Extracted records
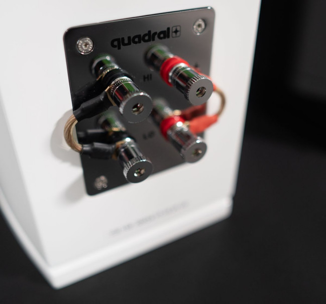 Elegancka smukła obudowa, dzięki zaokrąglonym bokom o grubych ściankach, redukuje podbarwienia negatywnie wpływające na jakość reprodukcji. Na tylnej ściance odnajdziemy wysokiej klasy złącza głośnikowe.
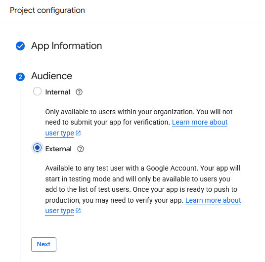 - Select the Audience: Internal or External. If you create an External app, it will start in testing mode; if you create an Internal app, you do not need to submit the app for verification.
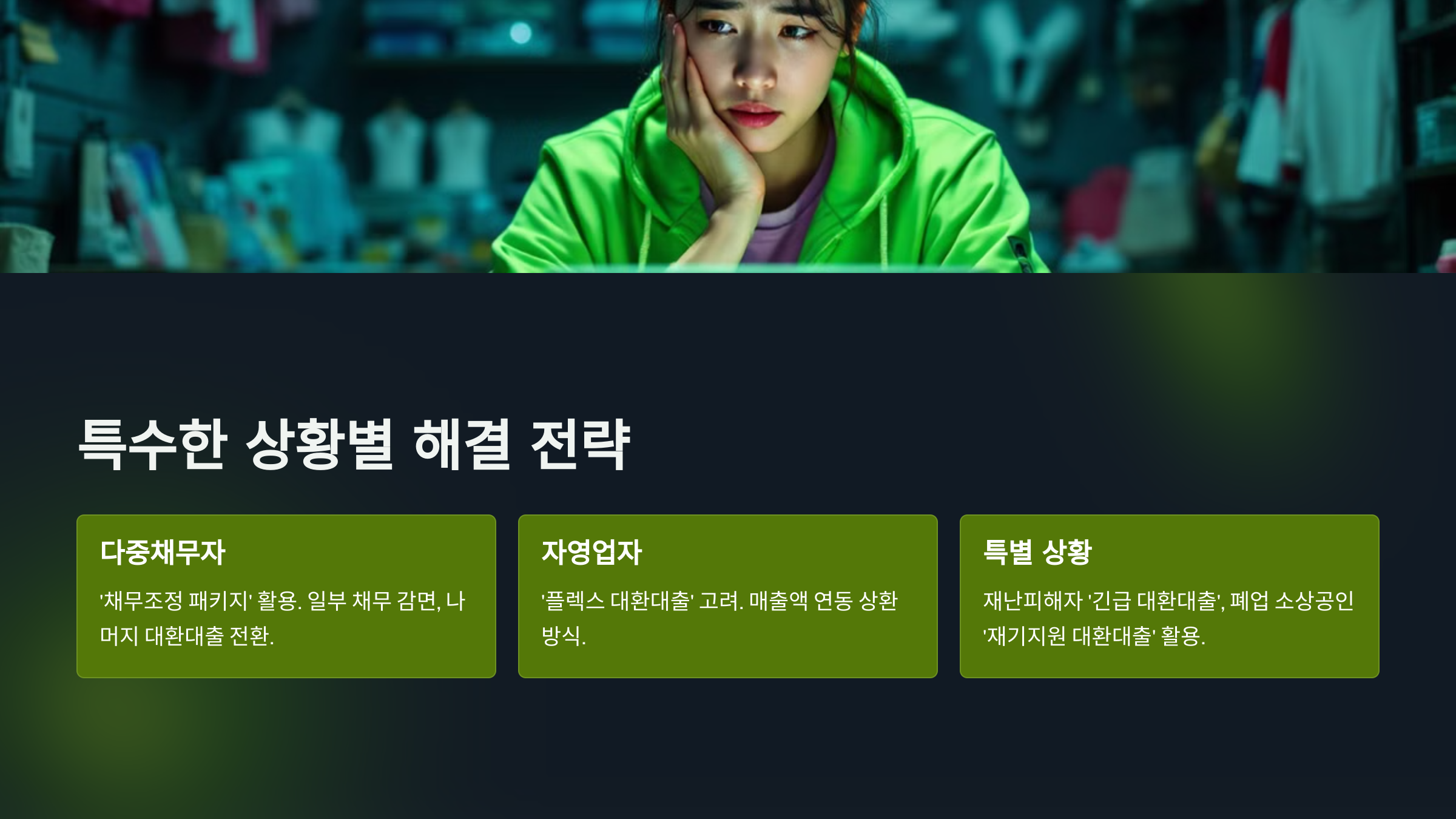 일반적인 대환대출이 어려운 특수한 상황에서의 해결방안도 있습니다. 다중채무자의 경우, 채무조정과 대환대출을 연계한 '채무조정 패키지'를 활용할 수 있습니다. 이는 일부 채무는 조정을 통해 감면받고, 나머지는 대환대출로 전환하는 방식입니다. 또한 자영업자의 경우, 매출액 연동 상환방식을 도입한 '플렉스 대환대출'을 고려할 수 있습니다.
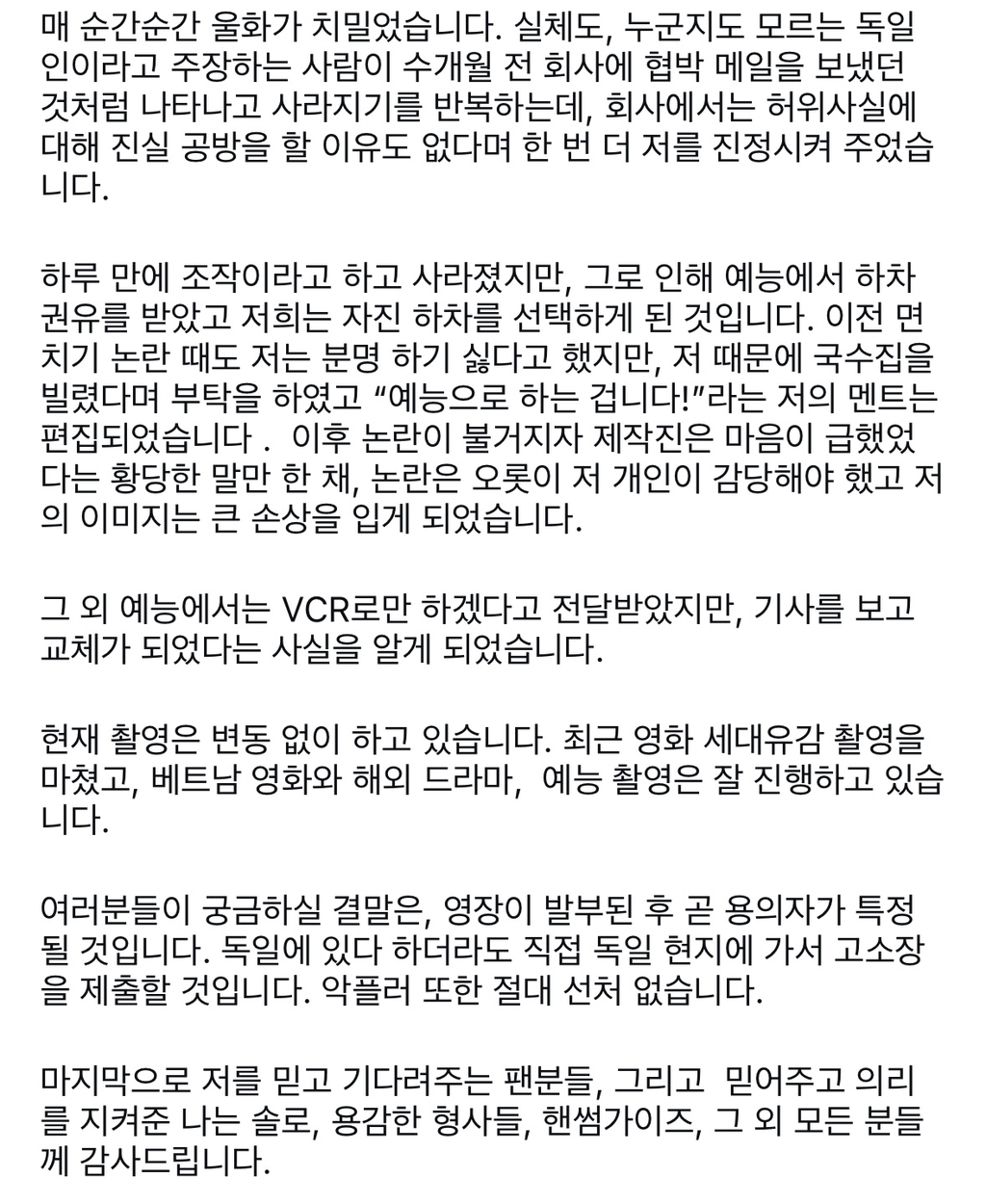 작성자HAERIN 작성시간 25.11.22 그냥 고소글만 쓰던가 본인도 놀뭐하면서 하차통보 받은 연예인들 봤으면서 저러네 저렇게 프로그램 저격하면 누가 본인쓰고 싶어하겠음..?
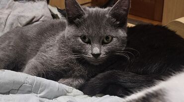 🐾 Серый котёнок — нежный и спокойный, с бархатной серебристой шерстью и глубоким взглядом зелёными глазами.Мужского пола.Порода русская голубая с британской
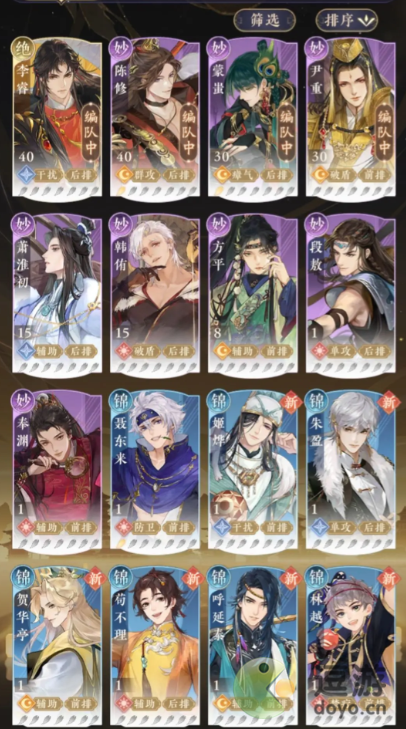 前排-青魂(强力单体伤害,生命值较低)、顾昭(有坦度有输出)、孙怀瑾(生命链接,共同承伤,技能为队友提升暴伤),后排-陈齐(强力群攻输出)、陆鸣(最强奶妈)、拓跋煜(引爆瘴气效果)、吴亥(超强输出,技能必暴击)
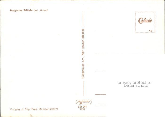 72558764 Roetteln Roettelweiler Burgruine postalisch nicht gelaufen Erhaltung siehe scans [AntonD74] KatCode: 11110008336050
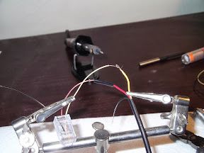 I could not get the waterproof sensor wires to fit and crimp into the RJ-11 plugs I had, so I took three short lengths of wire stripped from a phone cord to make a tail that is a couple inches long. I then wound and soldered the sensor wires to the tail.
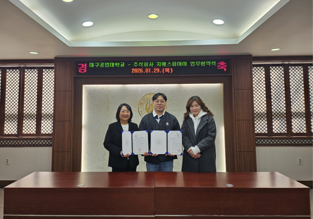 지역 산업 수요에 부합하는 실무형 인재 양성을 목표로 한 산학협력 강화 차원이다.이번 협약에 따라 양 기관은 △산업 현장 맞춤형 인재 양성 △AI·스마트 기술 기반 교육 및 연구 협력 △학생 현장실습과 취·창업 연계 △산학 공동 프로젝트 및 기술 교류 등 다양한 분야에서 협력 체계를 구축하기로 했다.협약식에는 대구공업대학교 골프레저과 김경희 학과장과 안선숙 교수, ㈜지에스피아이 이산복 대표 등이 참석했다.
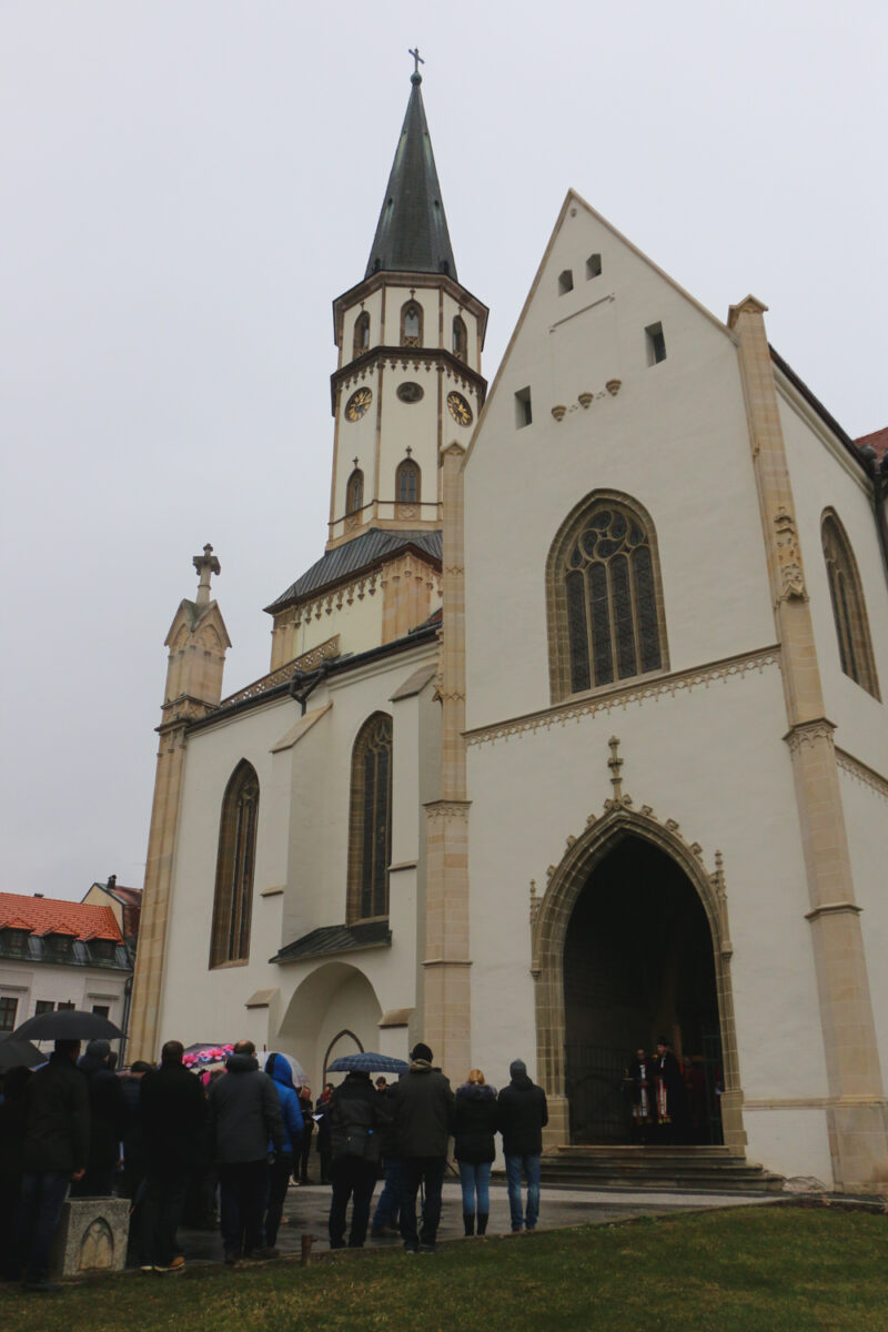 Sprievod sa presunul k Bazilike sv. Jakuba, kde kapláni rímskokatolíckej farnosti čítanie a slová venovali téme: „Veru hovorím ti: Dnes budeš so mnou v raji.“ Lk 23,43
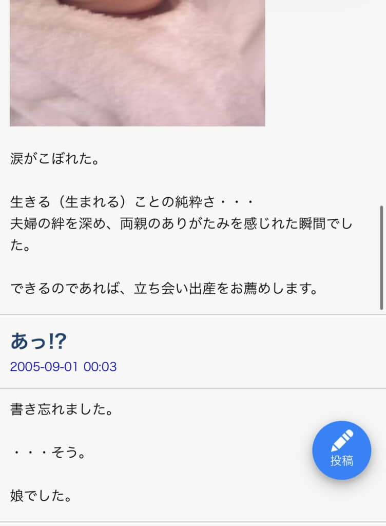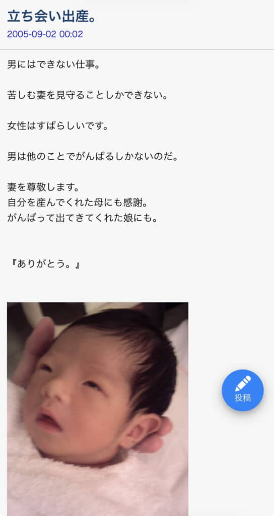 そしてついにその日がやってきました。「立ち会い出産。」というタイトルのその記事には、見守ることしかできない自分への葛藤と、「男は他のことでがんばるしかないのだ。」という静かな決意が刻まれています。そしてたった一言『ありがとう。』という言葉が……。
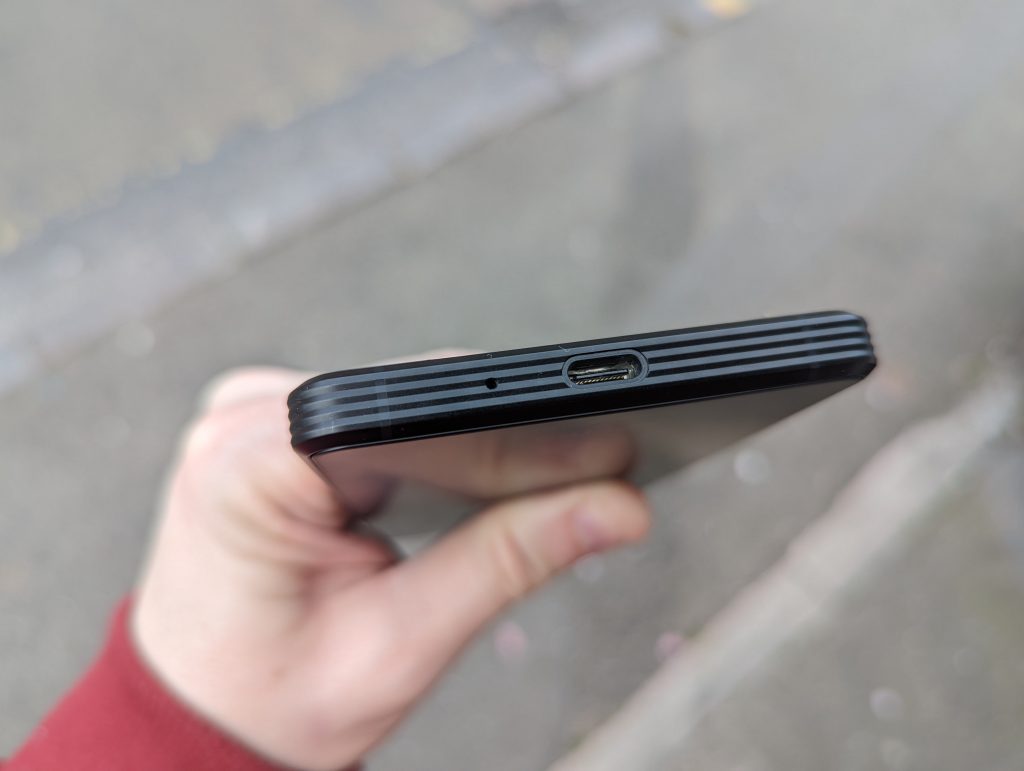 Down at the bottom you’ve got the other microphone used for stereo recording as well as the USB-C charging port which is also used for data transfer.

EXERCISE GOAL:
When the line containing "I could not" is reached, write out that line and each one after it exactly, ending with the last line of the records; pictures are not copied.

EXERCISE OUTPUT:
 I could not get the waterproof sensor wires to fit and crimp into the RJ-11 plugs I had, so I took three short lengths of wire stripped from a phone cord to make a tail that is a couple inches long. I then wound and soldered the sensor wires to the tail.
 지역 산업 수요에 부합하는 실무형 인재 양성을 목표로 한 산학협력 강화 차원이다.이번 협약에 따라 양 기관은 △산업 현장 맞춤형 인재 양성 △AI·스마트 기술 기반 교육 및 연구 협력 △학생 현장실습과 취·창업 연계 △산학 공동 프로젝트 및 기술 교류 등 다양한 분야에서 협력 체계를 구축하기로 했다.협약식에는 대구공업대학교 골프레저과 김경희 학과장과 안선숙 교수, ㈜지에스피아이 이산복 대표 등이 참석했다.
 Sprievod sa presunul k Bazilike sv. Jakuba, kde kapláni rímskokatolíckej farnosti čítanie a slová venovali téme: „Veru hovorím ti: Dnes budeš so mnou v raji.“ Lk 23,43
 そしてついにその日がやってきました。「立ち会い出産。」というタイトルのその記事には、見守ることしかできない自分への葛藤と、「男は他のことでがんばるしかないのだ。」という静かな決意が刻まれています。そしてたった一言『ありがとう。』という言葉が……。
 Down at the bottom you’ve got the other microphone used for stereo recording as well as the USB-C charging port which is also used for data transfer.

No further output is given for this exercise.